Je suis intégré dans le contexte social dont je suis à la fois le créancier et le débiteur. Si je ne
respecte pas la loi qui régit le groupe, je suis excommunié, c'est à dire privé de communication
avec le groupe. Autrement dit condamné à mourir comme hérétique. Corrélativement, si la société
ne fait pas respecter la loi qui la structure, c'est elle qui est condamnée à mourir.

D'où la nécessité de règles pour structurer le groupe. De règles que la tradition formalise et qui
s'inscrivent dans les rites.

Le rituel, c'est à dire l'ensemble des rites pratiqués par le groupe, (ou plus précisément par les
individus qui le composent) est le moyen, l'outil qui permet d'entrer dans le mystère du mythe.
Il est tellement intégré au mythe social que l'on ne sait si c'est le rite qui a engendré le mythe
ou l'inverse. C'est un peu l'histoire de la poule et de l'œuf. Sans mythe, le rite n'est qu'une
coquille vide. Sans rite, le mythe est inaccessible.

Ainsi les cérémonies religieuses et leur liturgie.


"Les cérémonies religieuses, caractérisées par une liturgie sont des fêtes du souvenir" dit encore
Mircea Eliade. Par le lieu, par la parole, par le geste, par la musique, par les lumières, par les
odeurs, par le respect du protocole, en un mot par la magie du rite, la cérémonie transforme
l'homme naturel en homme culturel, elle transforme le profane en maçon. L'homme se fond dans
le groupe pour revivre l'histoire du groupe, pour revivre sa propre histoire. C'est l'egregore.
Sans rite, pas de mythe possible à transmettre. Le rite seul permet d'entrer dans le mystère du
mythe.

Conclusion
Nous vivons une époque à la fois dramatique et fantastique. Dramatique parce que l'homme est en
train d'organiser sa propre destruction, fantastique parce nous assistons à l'écroulement des
vieux mythes, mais aussi à la naissance du mythe universel de l'homme-dieu.

Mythes, rites et symboles font partie de la culture du groupe. Ils créent un lien sacré qui génère
et forge son identité.

Mythe et réalité offre cependant deux visions antagonistes du monde :


- d'une part, l'exaltation de la tradition et du mythe.
- d'autre part, les faits historiques prouvés et la perception d'un présent en pleine mutation.
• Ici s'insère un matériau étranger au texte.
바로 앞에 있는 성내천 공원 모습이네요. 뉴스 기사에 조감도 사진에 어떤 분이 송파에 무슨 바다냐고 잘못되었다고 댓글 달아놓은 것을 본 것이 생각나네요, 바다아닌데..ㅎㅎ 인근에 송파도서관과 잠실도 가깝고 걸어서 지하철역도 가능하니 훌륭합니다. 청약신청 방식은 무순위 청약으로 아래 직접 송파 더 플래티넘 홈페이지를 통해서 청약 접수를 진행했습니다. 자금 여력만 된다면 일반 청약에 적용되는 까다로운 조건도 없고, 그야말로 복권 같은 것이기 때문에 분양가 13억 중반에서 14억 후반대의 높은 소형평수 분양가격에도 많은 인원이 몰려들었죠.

Légendes et mythes ont développé leur propre historicité jusqu'à donner une consistance
idéologique à l'histoire.
Gardons nous cependant d'opposer l'histoire au mythe en vidant celui-ci de son contenu.
Essayons de comprendre la valeur que les générations ont accordé au mythe mais refusons
absolument de le légitimer.
Méfions-nous des intégrismes : mythes, rites et symboles doivent être dénoncés pour ce qu'ils
sont, à savoir une forme d'idéologie.

La croyance abusive au mythe est la pire forme de l'ignorance.
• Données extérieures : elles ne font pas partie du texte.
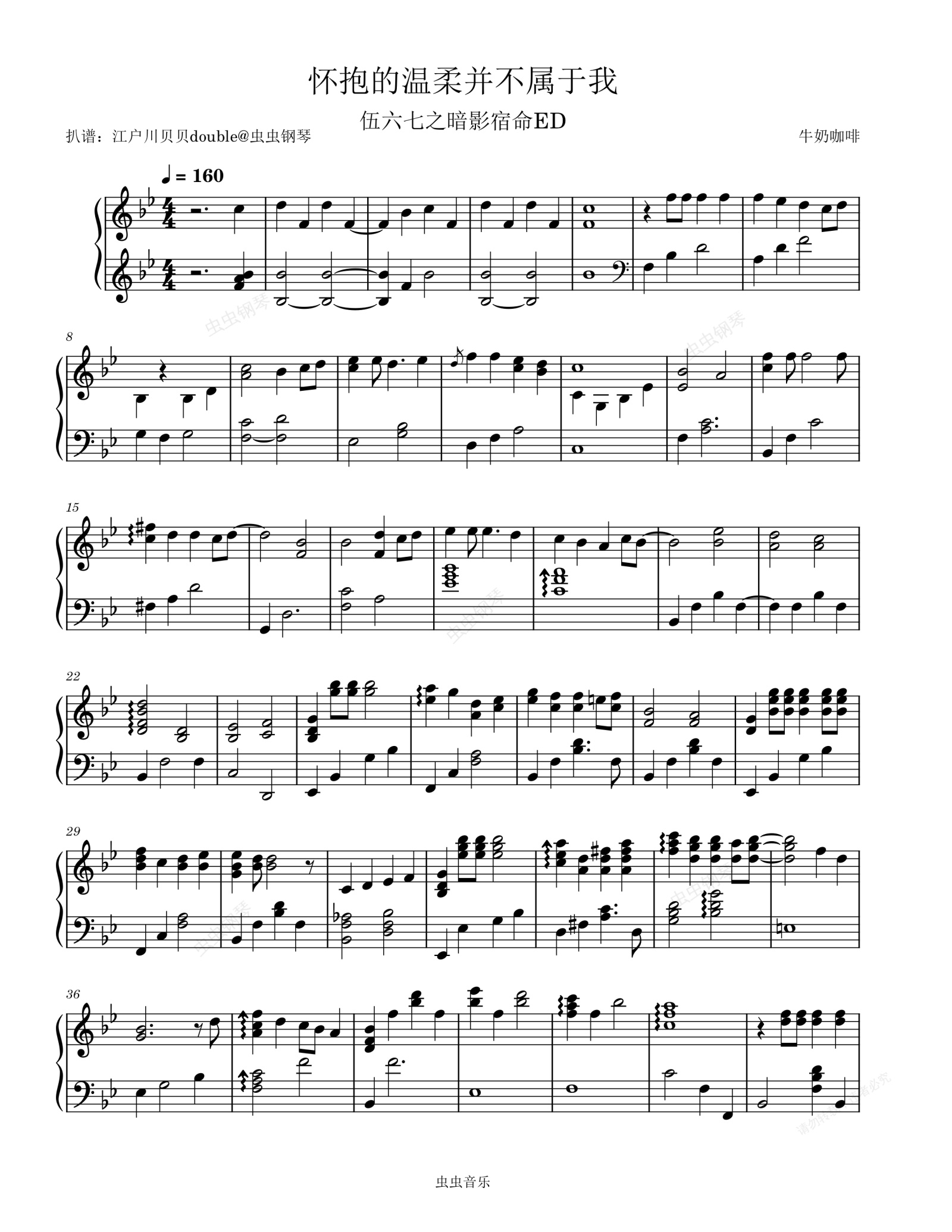钢琴谱:【伍六七之暗影宿命】ED《怀抱的温柔并不属于我》(牛奶咖啡)
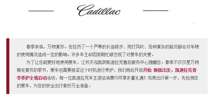 开始 焕新出发︱江苏天泓凯萨凯迪拉克春季养护全情启动

La pratique abusive du rite vide le mythe de son sens.
L'image, l'idée, l'icône conduisent rapidement à l'idolâtrie

La méthode et l'étude du symbolisme qui nous sont propres doivent nous ouvrir à la connaissance.
Elles doivent nous permettre de garder l'esprit libre pour donner aux mythes la place qui leur
revient dans le patrimoine historique, celle de la relativité.

Car symboles, mythes et rites ne sont que l'expression des fantasmes humains.

"Vanités des vanités, dit l'Ecclésiaste, vanité des vanités, tout est vanité".